▶ _Task to complete_: All lines from the one that contains "活動(dòng)現(xiàn" to the end of the data must be retyped exactly. Pictures are not retyped.

▶ _Available data_:

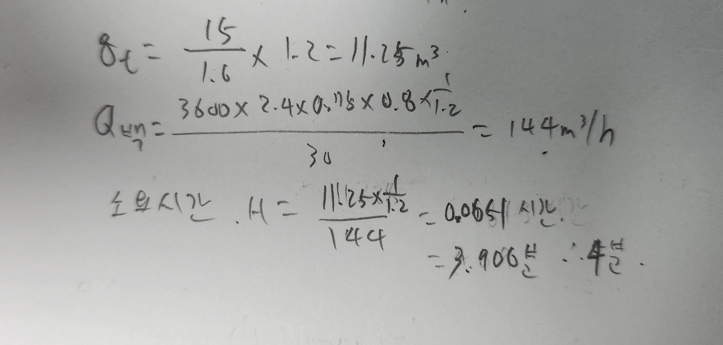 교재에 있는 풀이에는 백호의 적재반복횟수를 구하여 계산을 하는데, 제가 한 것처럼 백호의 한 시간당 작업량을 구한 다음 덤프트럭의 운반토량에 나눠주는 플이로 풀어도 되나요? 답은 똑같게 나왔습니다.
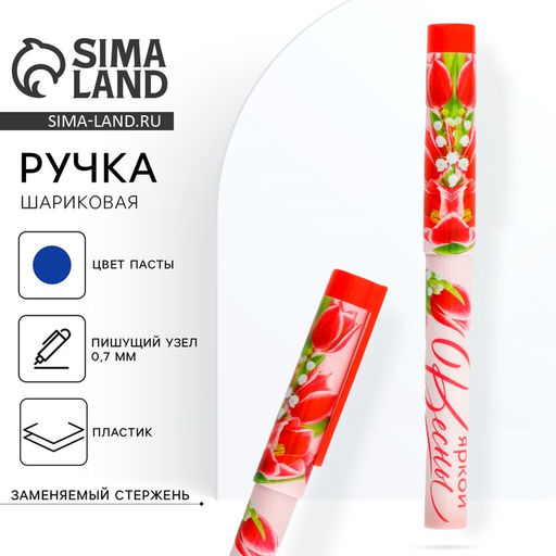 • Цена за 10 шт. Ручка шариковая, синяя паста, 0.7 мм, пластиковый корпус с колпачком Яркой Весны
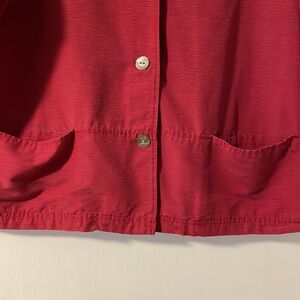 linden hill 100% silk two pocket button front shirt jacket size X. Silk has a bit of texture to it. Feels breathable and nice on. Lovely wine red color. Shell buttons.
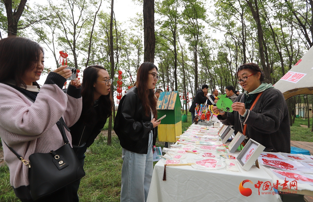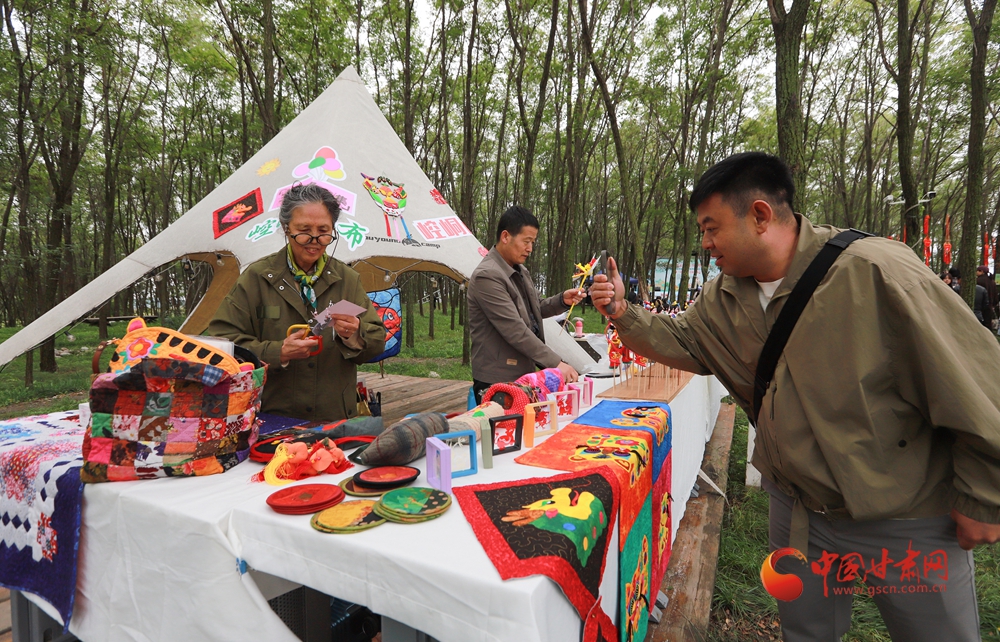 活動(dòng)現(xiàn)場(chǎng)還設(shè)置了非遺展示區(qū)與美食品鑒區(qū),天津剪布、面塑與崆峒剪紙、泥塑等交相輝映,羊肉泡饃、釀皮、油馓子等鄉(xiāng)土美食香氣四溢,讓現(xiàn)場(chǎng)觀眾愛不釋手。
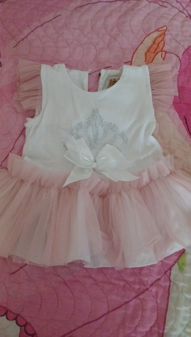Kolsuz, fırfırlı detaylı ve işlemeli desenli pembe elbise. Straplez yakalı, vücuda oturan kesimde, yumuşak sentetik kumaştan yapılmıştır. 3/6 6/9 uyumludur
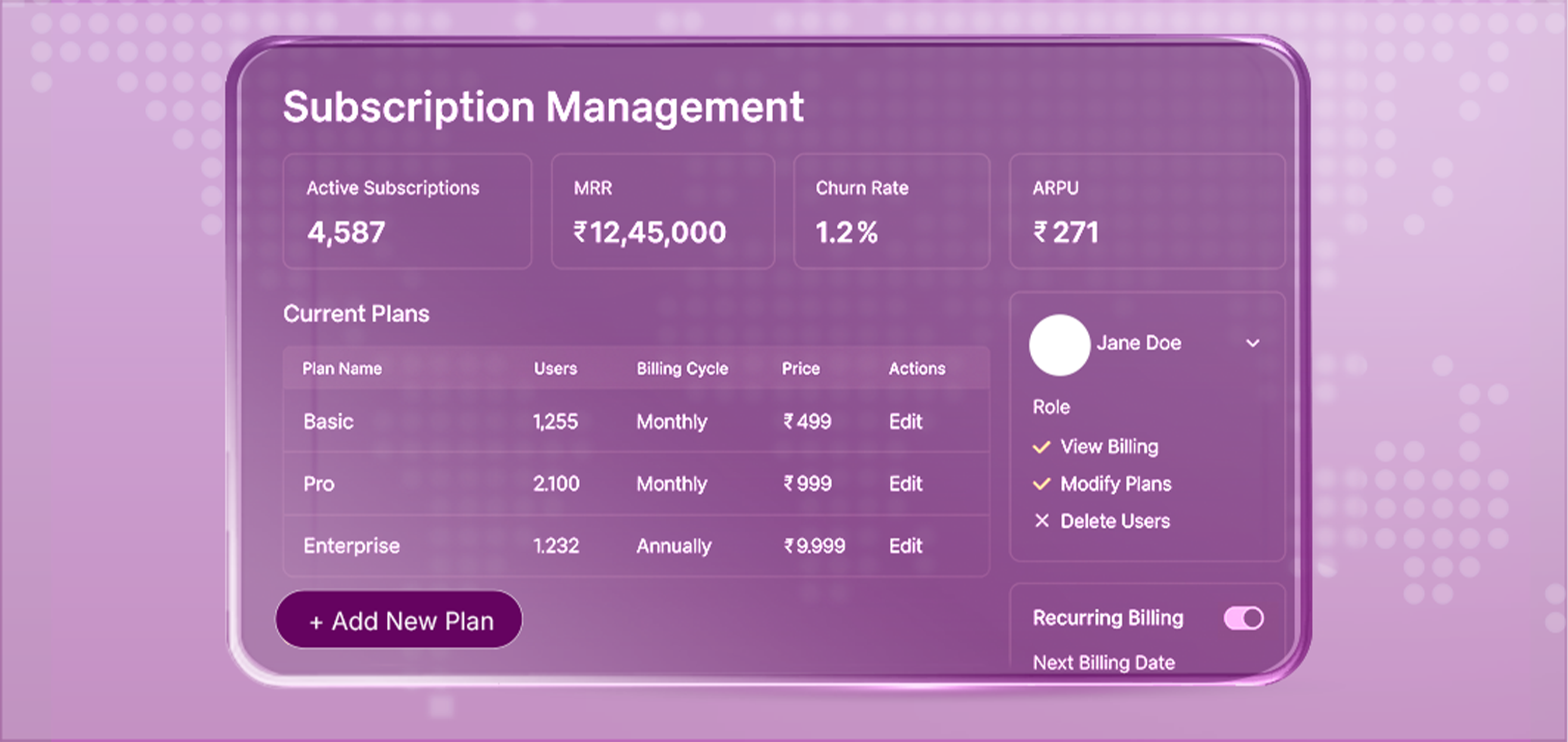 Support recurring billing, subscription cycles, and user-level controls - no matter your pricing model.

▶ _Answer for the task_:
 活動(dòng)現(xiàn)場(chǎng)還設(shè)置了非遺展示區(qū)與美食品鑒區(qū),天津剪布、面塑與崆峒剪紙、泥塑等交相輝映,羊肉泡饃、釀皮、油馓子等鄉(xiāng)土美食香氣四溢,讓現(xiàn)場(chǎng)觀眾愛不釋手。
Kolsuz, fırfırlı detaylı ve işlemeli desenli pembe elbise. Straplez yakalı, vücuda oturan kesimde, yumuşak sentetik kumaştan yapılmıştır. 3/6 6/9 uyumludur
 Support recurring billing, subscription cycles, and user-level controls - no matter your pricing model.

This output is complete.